**Brief:**
Copy out the data exactly as it appears, without a single image.

*** Material for this task ***

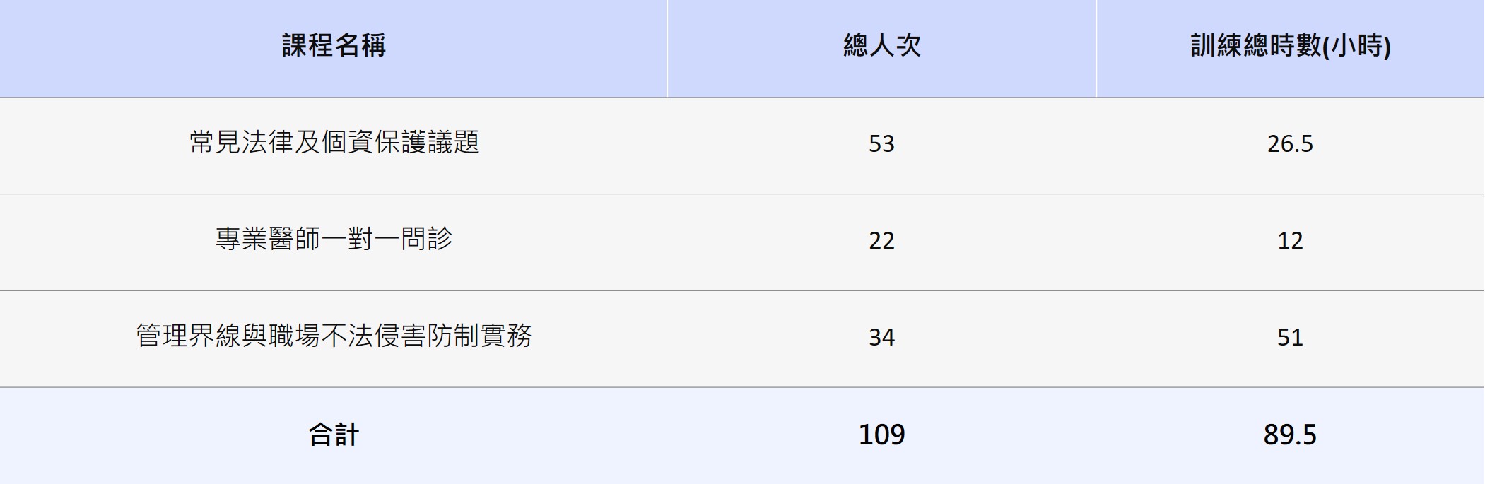 內容包含:安全衛生教育訓練、消防安全訓練、緊急應變、急救人員訓練等。
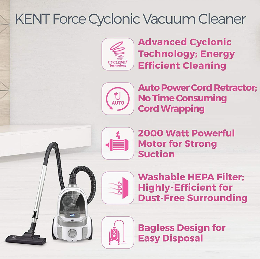 KENT Force Cyclonic Vacuum Cleaner 2000-Watt (White and Silver)
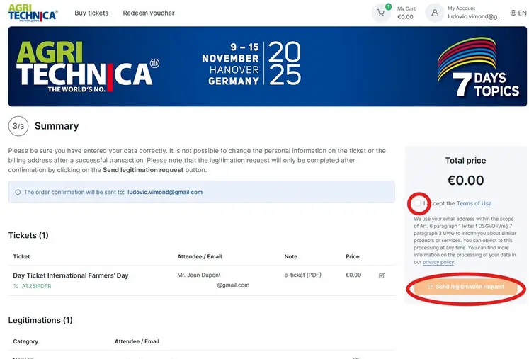 Cochez la case I accept the Terms of Use, puis cliquez sur Send legitimation request.
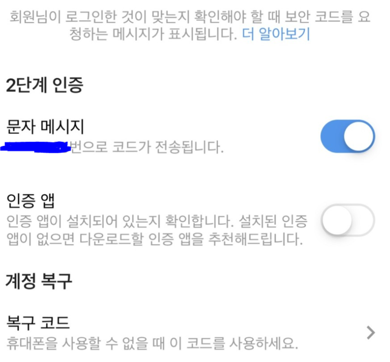2단계 인증을 하게 되면 다른 사람이 인증되지 않은 기기를 통해서 로그인 하려면 특별한 로그인 코드를 입력하도록 뜨게되는 기능입니다.
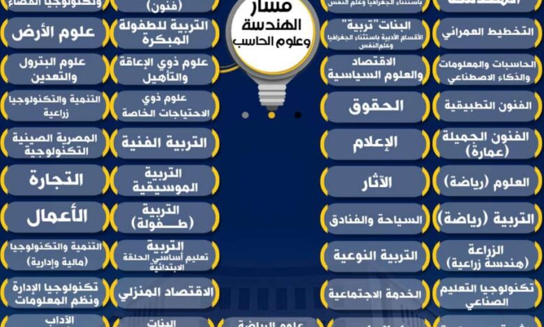 وكذلك تفاصيل الكليات والتخصصات الجامعية المتاحة للشعب المختلفة في الثانوية العامة.
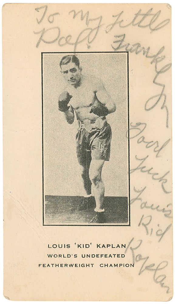 Boxing Hall of Famer (1901–1970) considered one of the best Ukranian boxers. Vintage boxing card featuring a full-length image of Kaplan in a pugilistic pose, 2 x 3.5, likely issued by a tobacco or candy company in the 1930s, signed and inscribed in pencil, “For my little pal Franklin, Good luck, Louis Kid Kaplan,” affixed to a page within a black leatherette autograph album. Other signers within the book include: Stella Walsh, Carl Hubbell, Rip Collins, Eddie Mayo, Johnny Moore, Glenn Cunningham, Sam Leslie, Wally Berger, Mickey Haslin, Aaron Robinson, Norman ‘Red’ Branch, and Bill Johnson. Kaplan card in very good condition, with scattered creasing; other pages in very good to fine condition. Pre-certified Steve Grad/PSA/DNA and RR Auction COA.

***

**Exercise solution:**
 內容包含:安全衛生教育訓練、消防安全訓練、緊急應變、急救人員訓練等。
 KENT Force Cyclonic Vacuum Cleaner 2000-Watt (White and Silver)
 Cochez la case I accept the Terms of Use, puis cliquez sur Send legitimation request.
2단계 인증을 하게 되면 다른 사람이 인증되지 않은 기기를 통해서 로그인 하려면 특별한 로그인 코드를 입력하도록 뜨게되는 기능입니다.
 وكذلك تفاصيل الكليات والتخصصات الجامعية المتاحة للشعب المختلفة في الثانوية العامة.
 Boxing Hall of Famer (1901–1970) considered one of the best Ukranian boxers. Vintage boxing card featuring a full-length image of Kaplan in a pugilistic pose, 2 x 3.5, likely issued by a tobacco or candy company in the 1930s, signed and inscribed in pencil, “For my little pal Franklin, Good luck, Louis Kid Kaplan,” affixed to a page within a black leatherette autograph album. Other signers within the book include: Stella Walsh, Carl Hubbell, Rip Collins, Eddie Mayo, Johnny Moore, Glenn Cunningham, Sam Leslie, Wally Berger, Mickey Haslin, Aaron Robinson, Norman ‘Red’ Branch, and Bill Johnson. Kaplan card in very good condition, with scattered creasing; other pages in very good to fine condition. Pre-certified Steve Grad/PSA/DNA and RR Auction COA.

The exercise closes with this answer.